Source: Blackwell Publishing Journal Backfiles 1879-2005

Topics: Medicine

Notes: The clinical and pathological features of 28 lung cysts resected in the period 1980–1989, excluding those from patients with emphysema elsewhere in their lungs, have been reviewed. In 12 children aged 8 days to 17 years, five cysts were congenital adenomatoid malformations, three were bronchogenic cysts, two were intralobar sequestrations, one was a cystic haemangioma and one resembled the cysts excised from 16 adult patients.
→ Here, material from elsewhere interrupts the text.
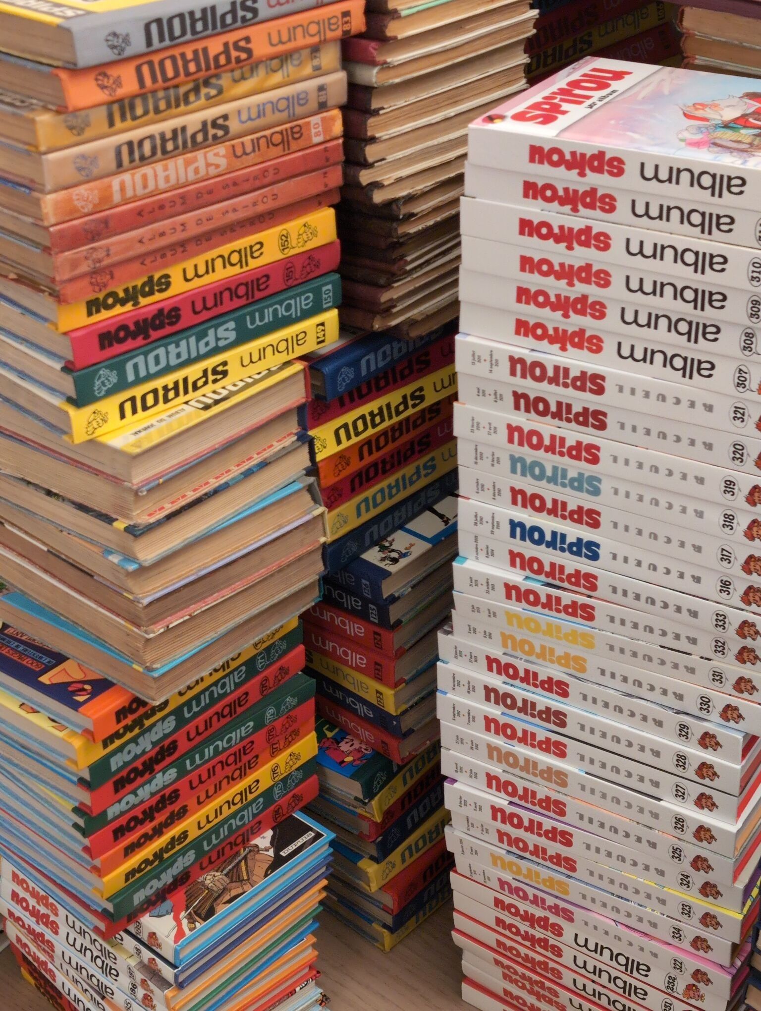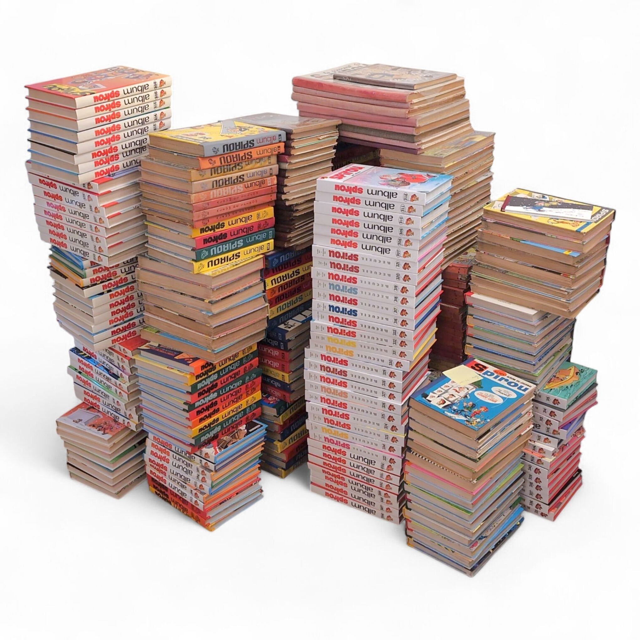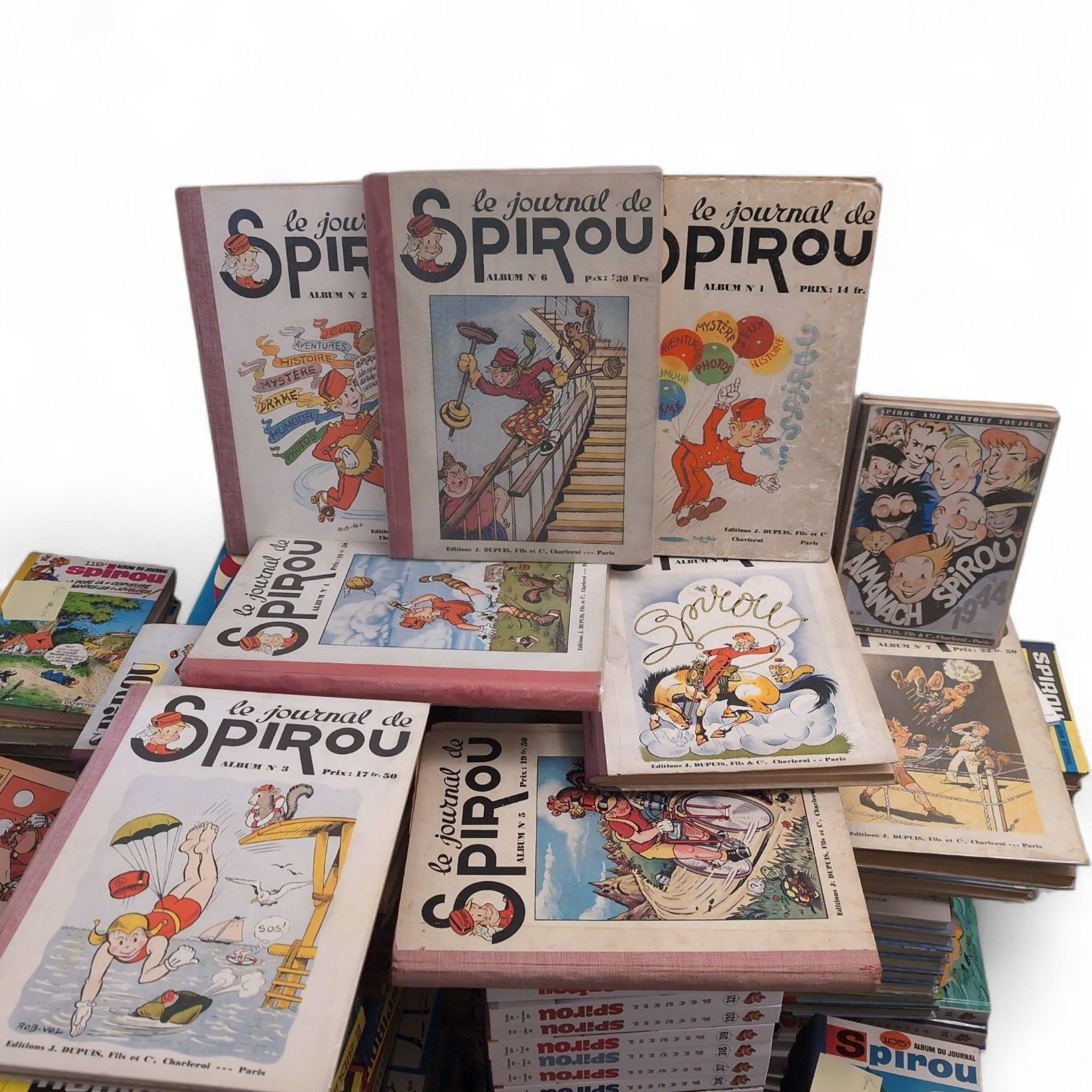 LE JOURNAL DE SPIROU. Important collection of Journal de Spirou albums. From issue no. 1 (1938) to issue no. 340 (2015), enclosed: Almanach Spirou 1944 and 1947. Cover of No. 1 soiled, hinges loose among the first albums, a few damaged spines among albums No. 30 to 70. Most of the albums are in very good condition.

This latter group ranged in age from 20 to 62 years and included 11 cigarette smokers and five asthmatics. Twelve of these cysts were intralobar and four were attached by a pedicle to the pleural surface of the lung. All these cysts had a fibromuscular wall showing varying degrees of acute and chronic inflammation. The presence of at least a partial lining of epithelial cells in all the cysts was confirmed using an immunocytochemical marker. The surrounding lung did not show any significant pathology. These cysts are labelled as simple fibromuscular pulmonary cysts. In the childhood cases, a congenital cause could be established in the majority. The pathogenesis of the adult cysts remains unclear. The presence of inflammation in the cyst walls does not necessarily suggest a role for infection, as secondary infection of cysts cannot be ruled out. An aetiological role for local damage due to cigarette smoking or asthma must be taken into consideration.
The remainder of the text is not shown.